- **WHAT TO WORK ON**:
Copy all records verbatim, images excluded.

(Data items)
--- START ---
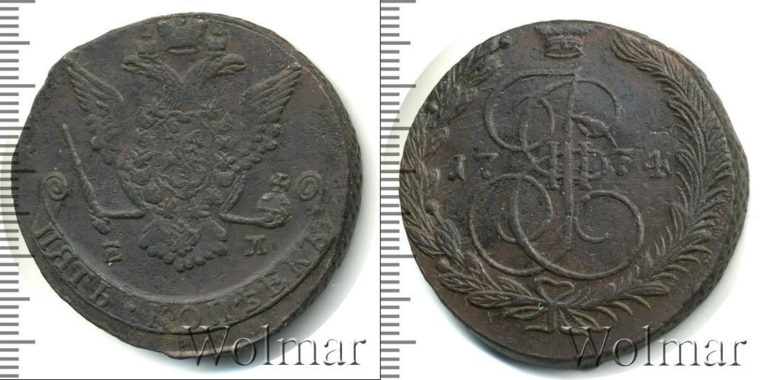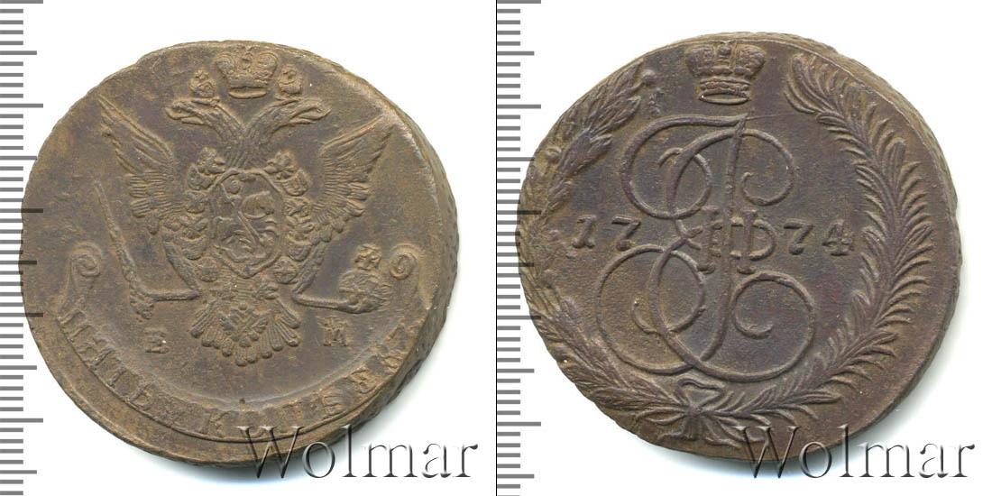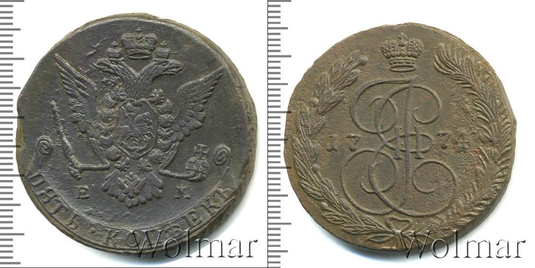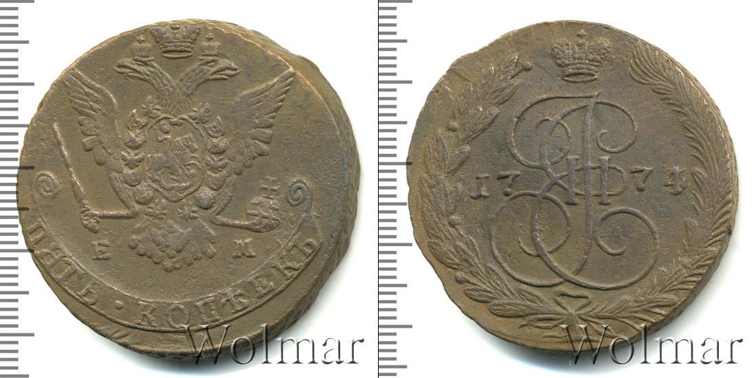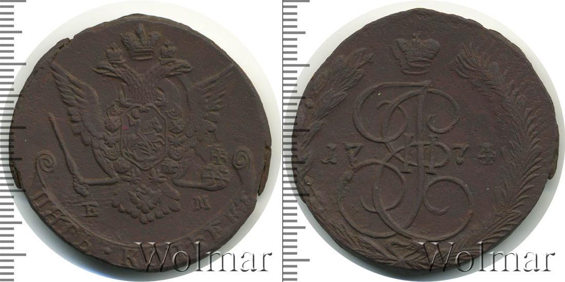 Екатеринбургский монетный двор. Биткин №# 661.623а, "орёл образца 1770-1777 гг.", тираж 14 535 432, Уздеников №# 2732. Wolmar # 155/22. 5 копеек ЕМ
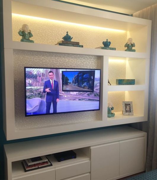 Nesse modelo, você pode posicionar a TV em cima do móvel ou então deixá-la suspensa sem painel. Desse modo, você valoriza o aspecto moderno do ambiente e deixa a parede como fundo ou destaque.
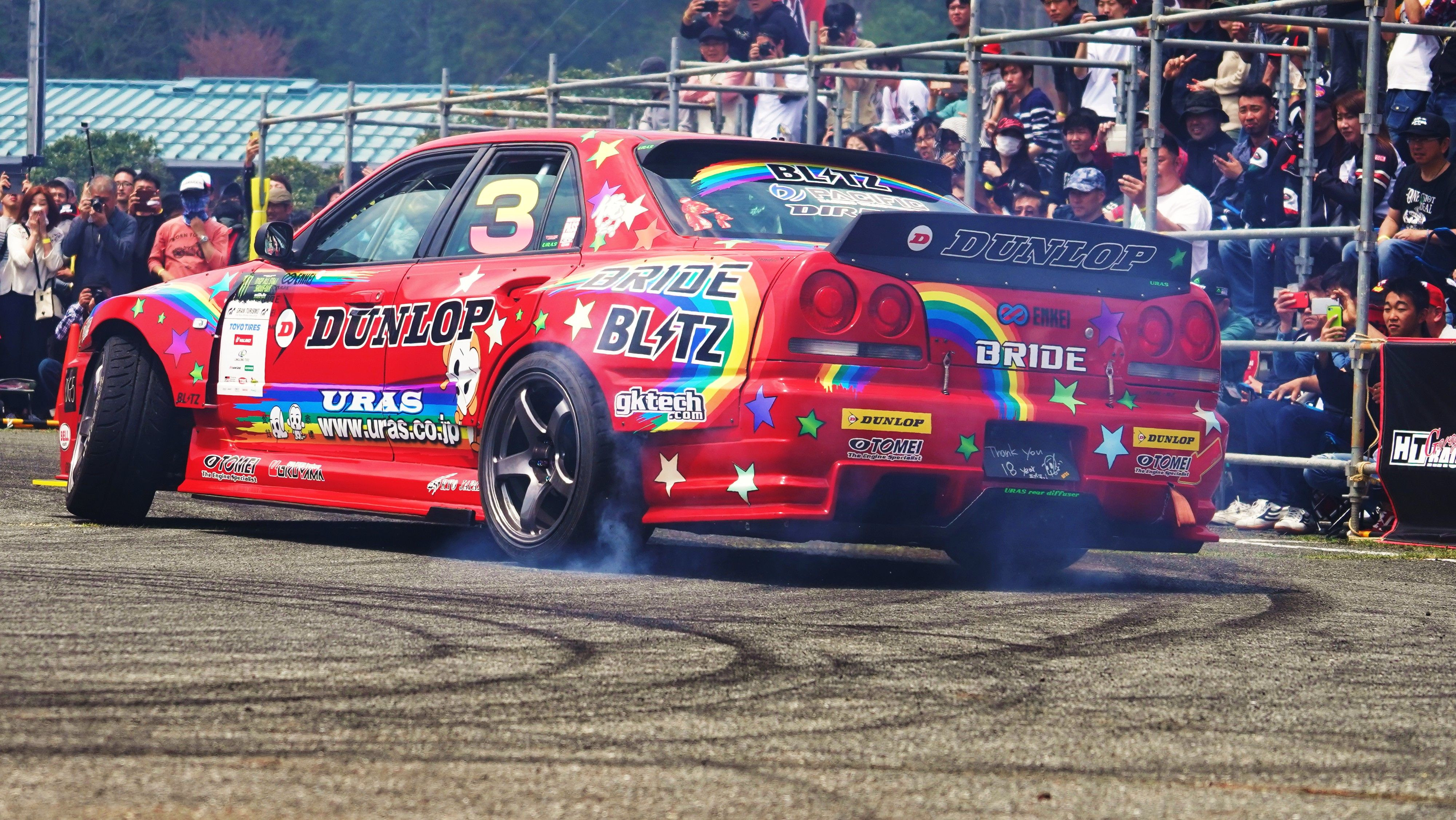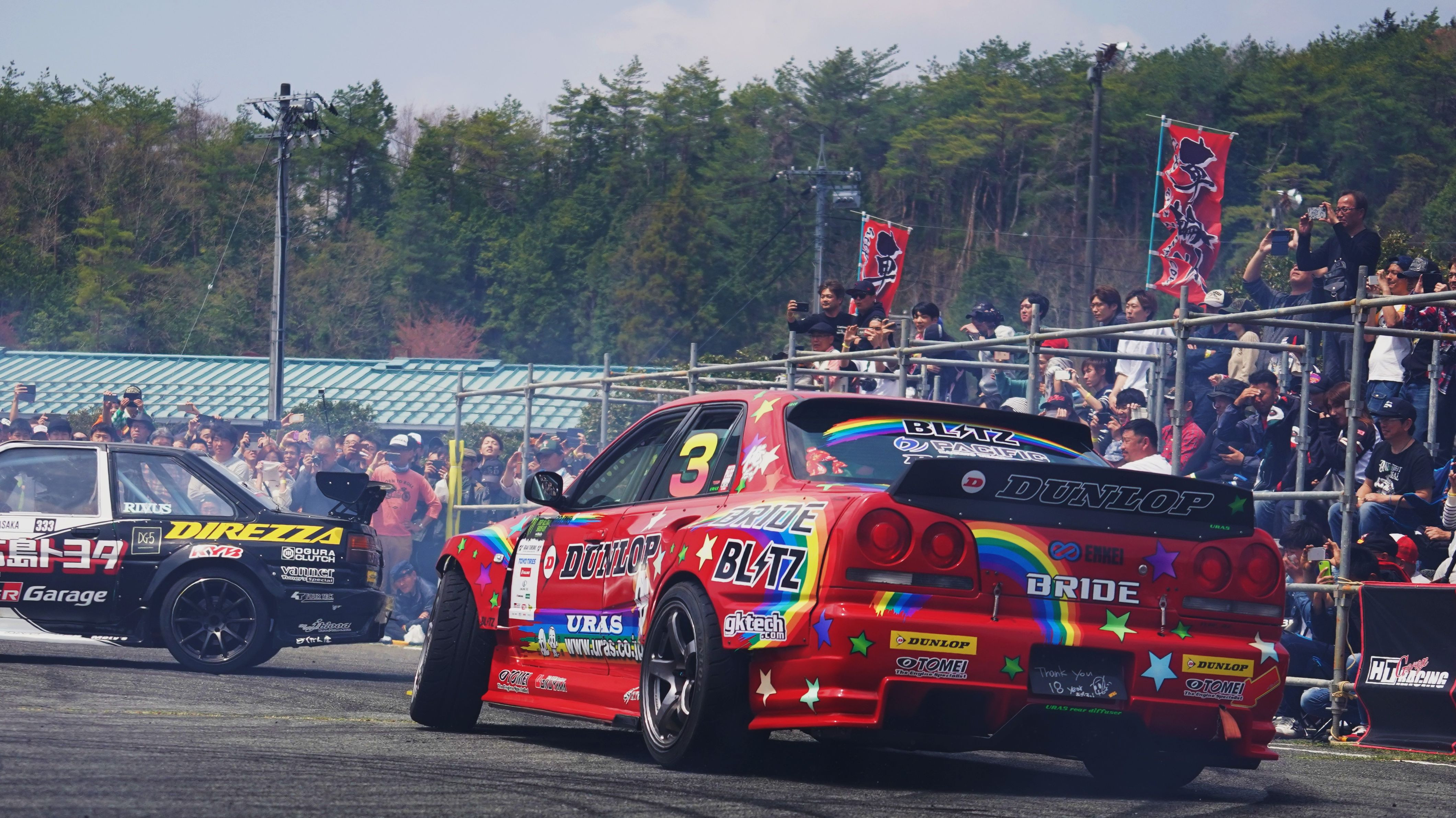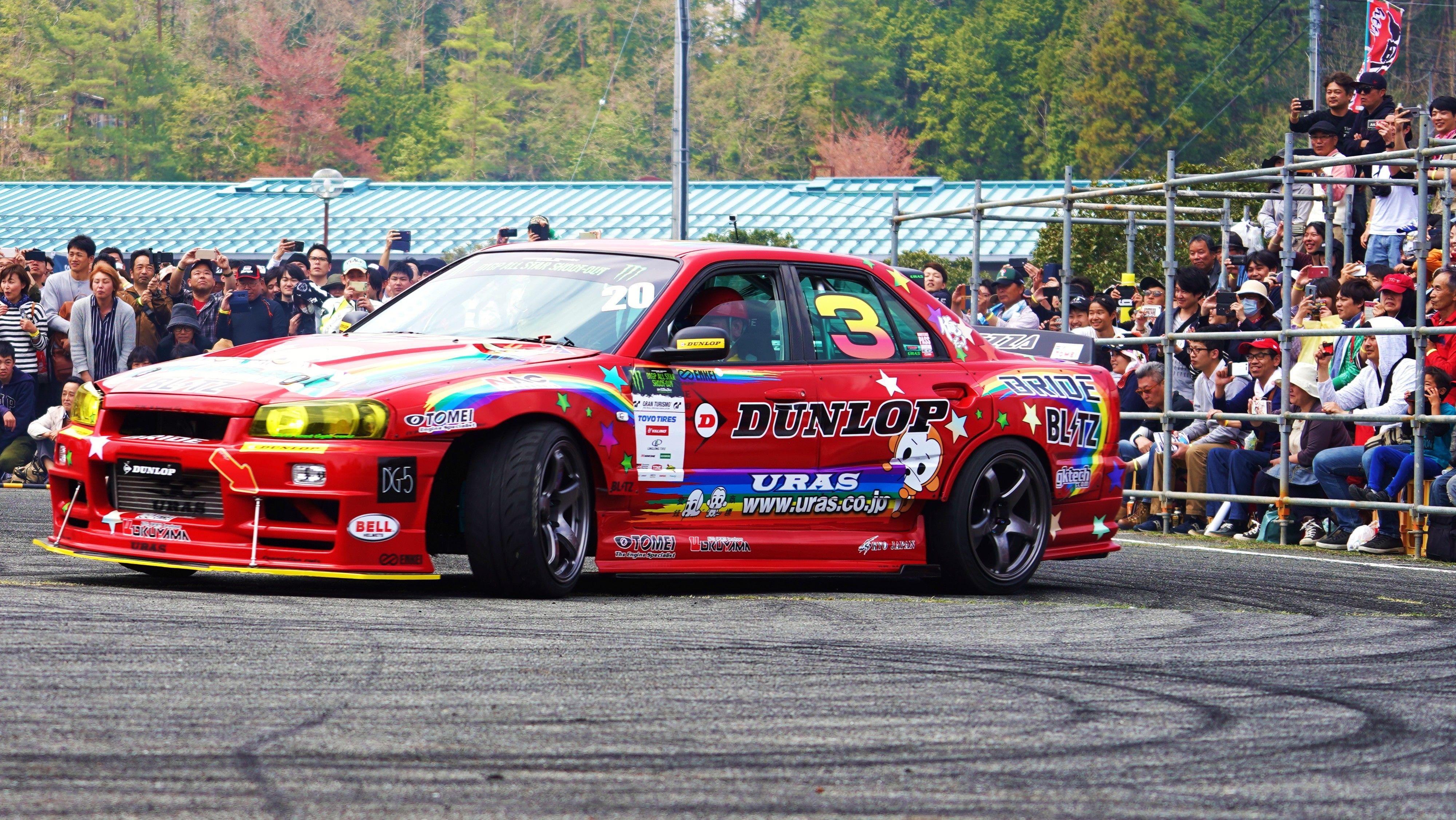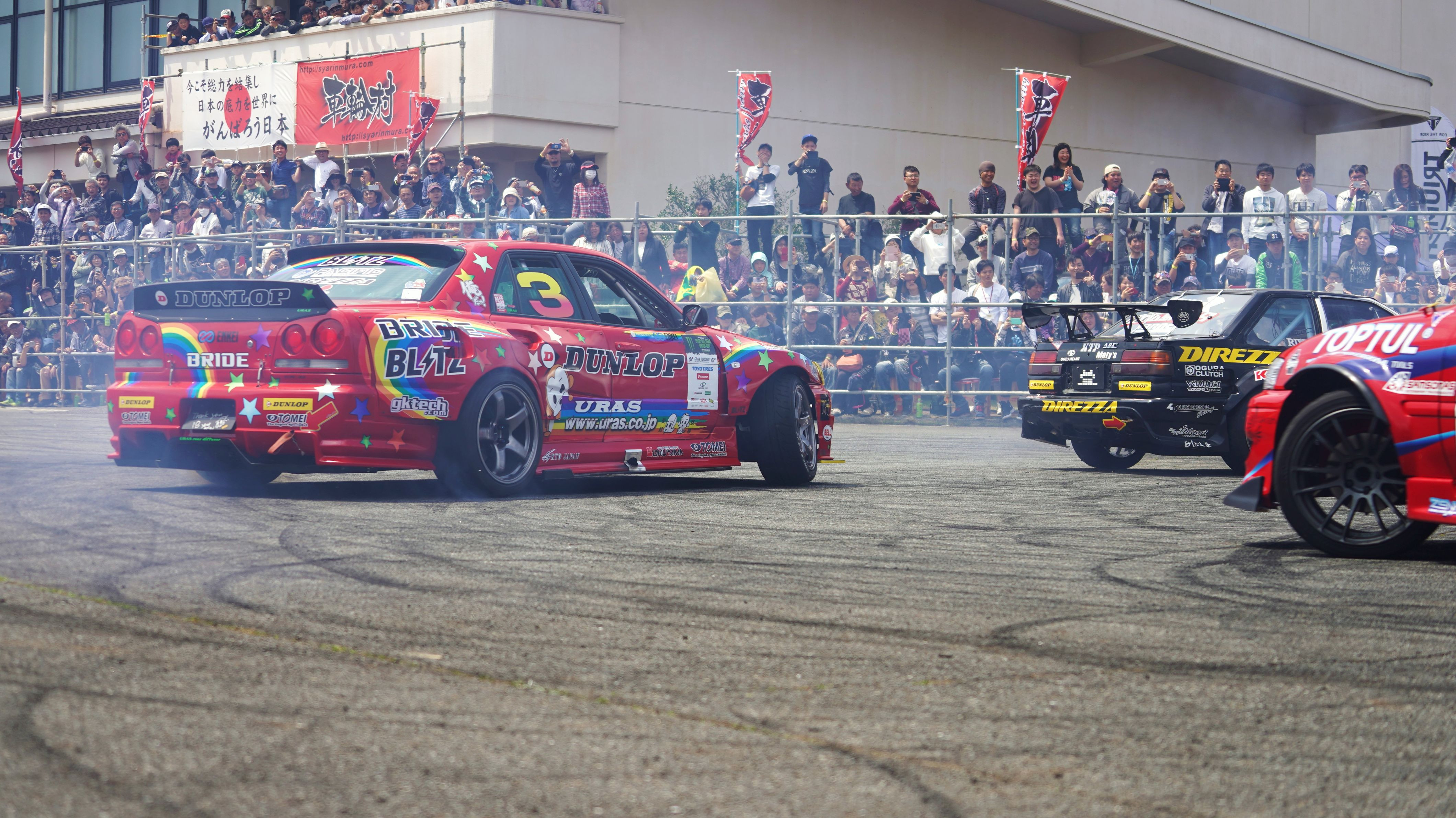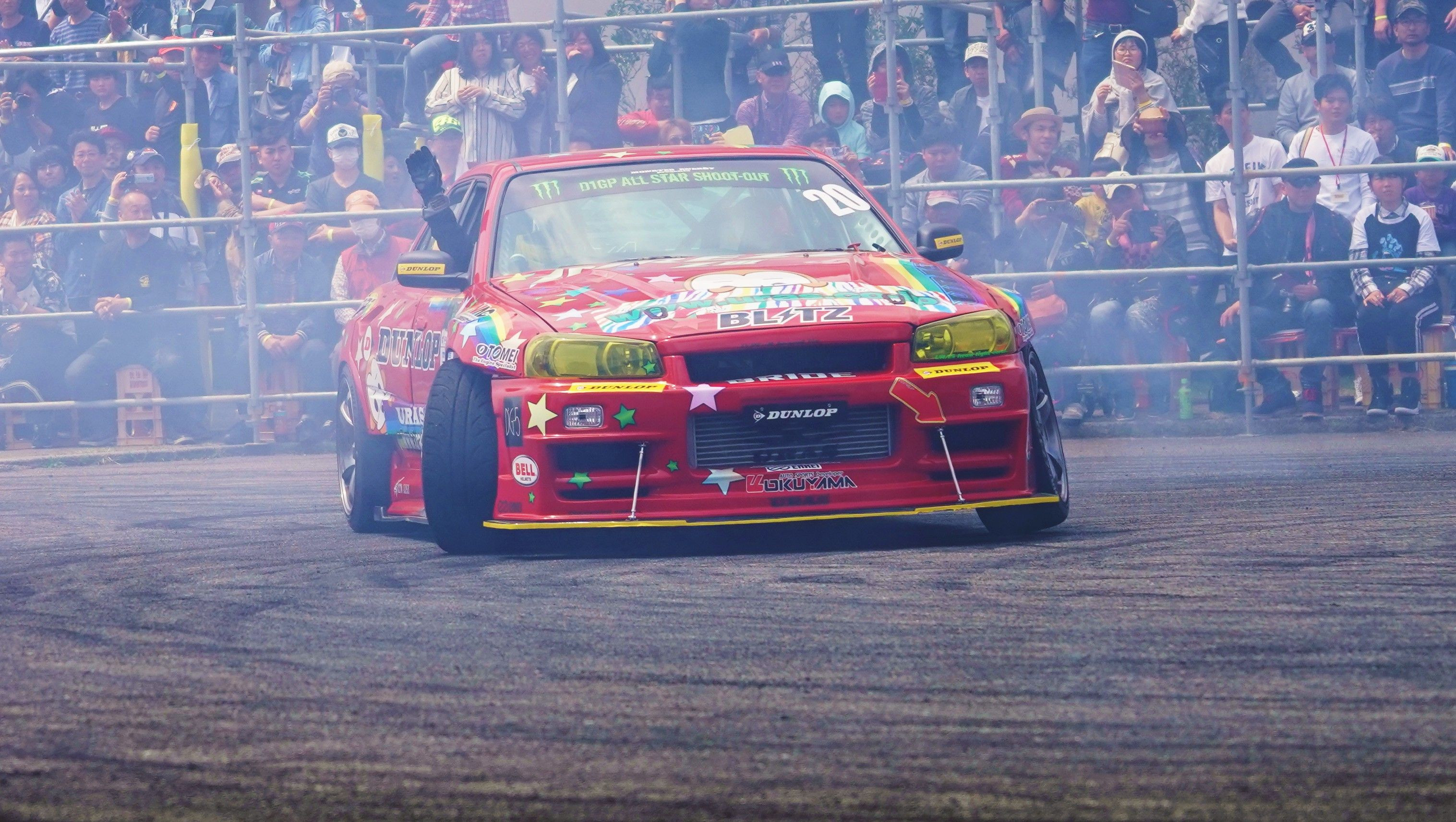 流石の廣島! 車好きにも程がある!! 車輪村 という ド派手なパフォーマンスが売り の イベントです。 先ずは ドリフト・パフォーマンスです。 去年 D1引退した 野村 謙 も 参加しています。
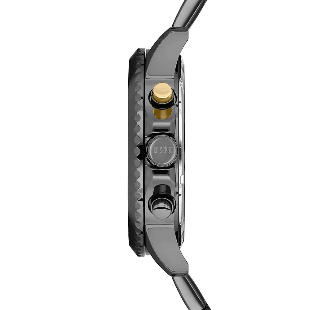 The USPA1034-06 from U.S. Polo Assn. offers a bold presence with its 46 mm round case in smoky metallic gray and a coordinated stainless steel bracelet. The analog blue dial is protected by scratch-resistant mineral glass and features luminous accents for visibility. Powered by precision quartz movement, this sport watch boasts 5 ATM water resistance, making it suitable for daily wear and resistant to splashes. The calendar function adds practicality, while the robust steel band ensures security and comfort. Its modern, sporty appearance complements both casual and active lifestyles.
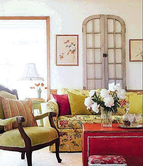 在这间起居室的墙面上,安装了一扇法式门板,顿时增添了房间中欧洲气味。如果家里没有很好质地的老家具可供运用,不妨去看看古董家具店,或旧货流转商店里,说不定就逃到了另一户人家的传家宝。
--- END ---
- **ANSWER BOX**:
 Екатеринбургский монетный двор. Биткин №# 661.623а, "орёл образца 1770-1777 гг.", тираж 14 535 432, Уздеников №# 2732. Wolmar # 155/22. 5 копеек ЕМ
 Nesse modelo, você pode posicionar a TV em cima do móvel ou então deixá-la suspensa sem painel. Desse modo, você valoriza o aspecto moderno do ambiente e deixa a parede como fundo ou destaque.
 流石の廣島! 車好きにも程がある!! 車輪村 という ド派手なパフォーマンスが売り の イベントです。 先ずは ドリフト・パフォーマンスです。 去年 D1引退した 野村 謙 も 参加しています。
 The USPA1034-06 from U.S. Polo Assn. offers a bold presence with its 46 mm round case in smoky metallic gray and a coordinated stainless steel bracelet. The analog blue dial is protected by scratch-resistant mineral glass and features luminous accents for visibility. Powered by precision quartz movement, this sport watch boasts 5 ATM water resistance, making it suitable for daily wear and resistant to splashes. The calendar function adds practicality, while the robust steel band ensures security and comfort. Its modern, sporty appearance complements both casual and active lifestyles.
 在这间起居室的墙面上,安装了一扇法式门板,顿时增添了房间中欧洲气味。如果家里没有很好质地的老家具可供运用,不妨去看看古董家具店,或旧货流转商店里,说不定就逃到了另一户人家的传家宝。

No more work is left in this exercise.